As a child, cars fascinated me. I read all the auto magazines I could get my hands on. There was a time when I could identify any car on the street just by the headlights.
After college, I went to Detroit to work for Chrysler and start what I thought would be a lifelong career in the auto business, designing cars and engines. My goal was to become the next Lee Iacocca [known for engineering the Ford Mustang and later running Chrysler].
Unfortunately, I entered the auto industry at a time when it was contracting.
Here I was, coming out of this prestigious university having put all this time and energy into getting a fancy degree, and four months after leaving school, I’m standing in the unemployment line.
It was a rude awakening.
I ended up going back to Chrysler and working there for eight years, but it wasn’t the most exciting time to be designing cars.
At that point, Chrysler was in survival mode, designing minivans and Omnis. For a young engineer, that was far from my dream.
Although I got to do some cool things, like drive cars on the test course and develop engines, it wasn’t as groundbreaking as I thought it would be. I thought I was going to develop the Herb Buchanan engine that Ferrari would beg for.
I was fortunate that between my parents’ guidance and having excellent mentors, I started thinking beyond Herb Buchanan and making money. I realized that if I was going to put 30 years’ worth of work into something, I wanted to truly have an impact on society.
So I began to explore options and made it a research project.
The hospital industry struck me. There, it was very easy to draw a line between your work and what you’re contributing to the community.

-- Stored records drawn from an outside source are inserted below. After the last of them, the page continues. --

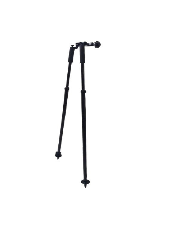 Bipé de alumínio com pernas extensíveis para bastão, com botão de ajuste nas duas pernas para facilitar o ajuste da bolha esférica no bastão (bastão não incluso).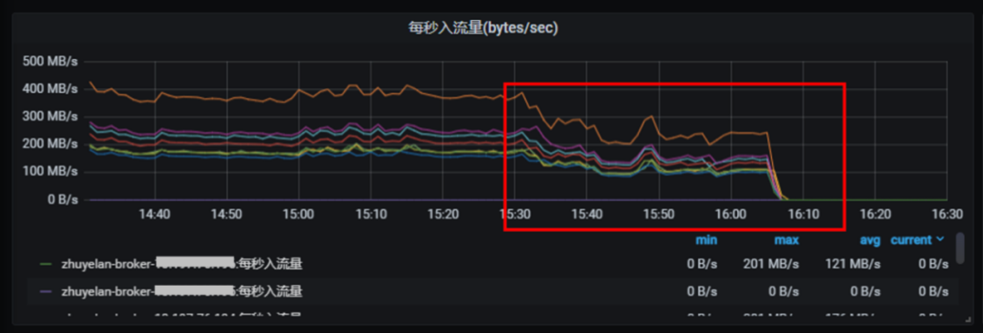 图 21. 执行 Kill-9 一台 Broker 后,其他 Broker 流量下降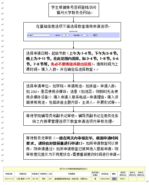 申请必须详细包括活动讲座内容、邀请人信息、负责人、具体时间、参加人数及是否使用教室内多媒体设备。提前二至十天之内在网上进行申请。星期天不提供多媒体使用。流程如下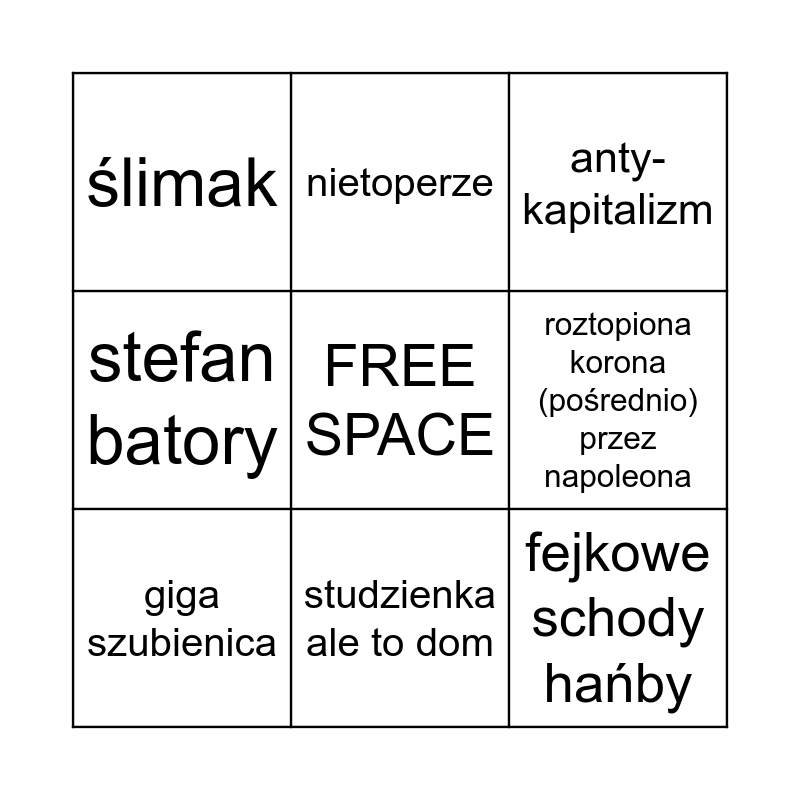 This bingo card has a free space and 14 words: cerkiew, krematorium, giga szubienica, nietoperze, stefan batory, fejkowe schody hańby, gaj urn, ach ci hohenzollerni, studzienka ale to dom, ślimak, ktoś tu chyba nie lubi arki, roztopiona korona (pośrednio) przez napoleona, anty-kapitalizm and lapidarium.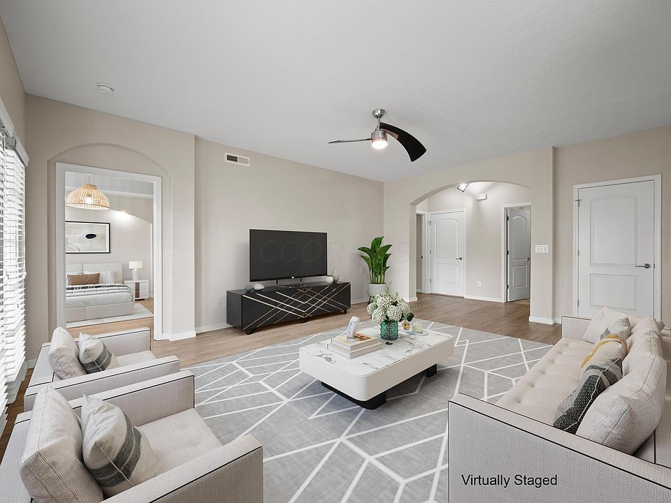 Experience wonderful, convenient first-floor living in highly-rated Olentangy Schools! This contemporary 2 bed/2 full bath condo is ideally located between Olentangy High School, Shanahan Middle, and Heritage Elementary. All are easily within walking distance! Inside, you will find new (2023) laminate flooring in great room, and fresh paint throughout (2025). First floor laundry with washer and dryer to stay, and relaxing rear patio porch. Stainless appliances, updated lighting fixtures, and ceiling fan. Office/Den near front entrance can work as a possible 3rd bedroom! Very reasonable monthly condo fee of $225 covers exterior maintenance, snow removal, lawn care, pool, clubhouse workout area, and trash! Close proximity to US-23, Shale Hollow Park, Kroger, and many other shopping/eating destinations. Be seeing you!
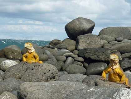 Blue-footed boobies waited for us in the middle of the trail, a male stopped and pointed his bill upward to be seen by a female that was flying right on top of him. She understood his move and landed right next to his side. As she approached him, he started whistling at her - definitively courting, it is that time of the year! Land iguanas waited in the shade of the Opuntia cacti, highly likely hoping that the fruits of the pads will fall on top of them. The cacti here are their only source of water. One walked in front of us and decided to rest under the cactus next to the trail. As the morning got hotter even the reptiles looked like the breeze near the ocean was a good place to rest.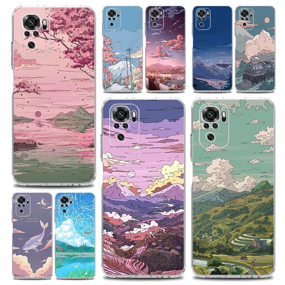 INS Japan Sunset Scenery Clear Phone Case For Xiaomi Redmi Note 12 5G 9S 9 8 10 11 Pro+ 9T 8T 10C 9C 9A 7 Pro Soft Back Cover

Also, hospitals were closing, reimbursement was changing and the traditional administrative senior executives at that point were doctors and nurses who didn’t know a whole lot about running a business.
The more research I did, the more I realized the industry needed some creative thinking and problem-solving.
I dipped my toe in the water.
While all my business-school colleagues were going to Wall Street, I took the lowest-paying job in my class at a hospital, because I needed to see what this was about.
Then I worked with a boutique consulting firm that gave me a chance to combine the planning background I learned from engineering with this new discovery of health care.
After five years, I knew I could make a career out of it.
The next hurdle was whether I could work at a hospital day-to-day.
I took my first hospital job in a large community hospital in Huntsville, Ala. My wife had family there.
I spent six years learning more about working in hospitals.
I eventually went from a small town in northern Alabama to working in a place much more my speed: Northwestern Memorial Hospital in Chicago.
It is one of the better-run hospitals in the business, with a board made up of Fortune 500 chief executives. They have the resources to do things that others can’t do.
Then I spent almost seven years as chief operating officer of University of Maryland Medical Center in Baltimore, where we were successful in doing a cultural transformation.
Now I’m excited to come to the hospital at Howard University, where there are world-renowned clinicians.
It’s a chance to use all the skills I developed over the years from the different places and to assure the staff that someone believes in them and will hold the institution to its high standard.
— Interview with
Position: Chief executive of Howard University Hospital, an academic medical center in the District.
Career highlights: Chief operating officer, University of Maryland Medical Center; vice president of operations, Northwestern Memorial Hospital; vice president of operations, Huntsville Hospital.
Education: BS, mechanical engineering, Massachusetts Institute of Technology; MS, mechanical engineering, University of Michigan; MBA, Northwestern University.
Personal: Lives in Columbia with his wife, Zanita, and four children, Jasmine, Amber, Herb III, Jalen.